As I've been reading John, I'm continually being struck by how Jesus was so much about God. I know this sounds pretty simple, but when I think about it in my life, I have this view of Jesus in mind a lot of the time as a rule-keeping, rule-teaching guy who is pretty lame and doesn't do much except frown and say "follow God" and "for God so loved the world..." The more I read John, the more God continues to show that Jesus was simply and wholly about God. God Himself. The real, living and active God. The One He continues to say is who we should love, and honestly, might just find we want and need to love Him anyway. Not some set of rules or certain actions.
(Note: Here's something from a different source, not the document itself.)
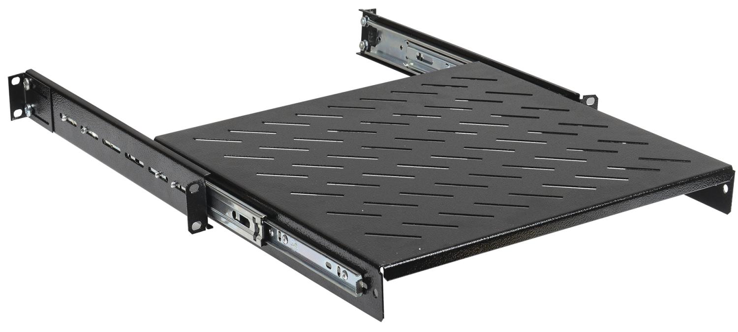 Выдвижные полки крепятся на фронтальные и на задние профили, имеют перфорированную поверхность для обеспечения лучшего охлаждения и отведения теплых воздушных потоков, а за счёт наличия специальных телескопических салазок способны плавно выдвигаться вперед за пределы рабочей плоскости, образованной передней парой 19'' профилей. Данные полки рассчитаны на оборудование, требующее регулярного обслуживания и извлечения из шкафа, но с небольшой общей массой, чтобы избежать его опрокидывание и возможной поломки выдвижного механизма полки.

So I was reading John 10 with that in mind. Jesus is talking about sheep and the master. A couple things that hit me

The sheep know their master's voice.

Just like Jesus has been saying that the ones who will choose to follow Him are those who are really desiring to know, love and experience the presence of the living God. He keeps telling the Pharisees that the reason they don't recognize Jesus as being from God is because they don't really have any idea what God is like. They haven't really desired to experience and love God as much as earn some sort of recognition for good works that God claims to despise.

The shephard lays down his life for the sheep.

I'm not sure I have(I don't know if I ever will) ever understood Jesus' sacrafice. I can't put a theological statement around it and I can't seem to fit words together that describe what it means. Every time I return back to His willingness to die for His sheep, I find something else to consider. Is this what people mean when they say the "depth of His love"?

This time I thought about His death. I thought about it in the context of the recent loss of my sister and last week of my grandma. It's not a secret to anyone ever that it hurts really bad when people die. It makes me wonder as I'm typing this just how much pain God felt about His Son dying.

The sheep flee from other voices

Jesus describes His sheep as being those who recognize their master's voice. They are able to distinguish between the real master and the other voices.

Do I know my Master's voice? Do I really recognize God when He speaks or moves or acts? What does He sound like? How do I hear it? Am I listening? After writing these questions that came from my journal, I thought of another question--How can I listen better?

I think my prayer right now is that God would just help me in the midst of all my doubts, questions and challenges to hear His voice and know Him above everything and everyone else.

have an awesome night!!!
-dave

Sunday, February 3, 2008

I want to wash my hands, my face and hair with snow






Ok not really....but I did want to play in the snow!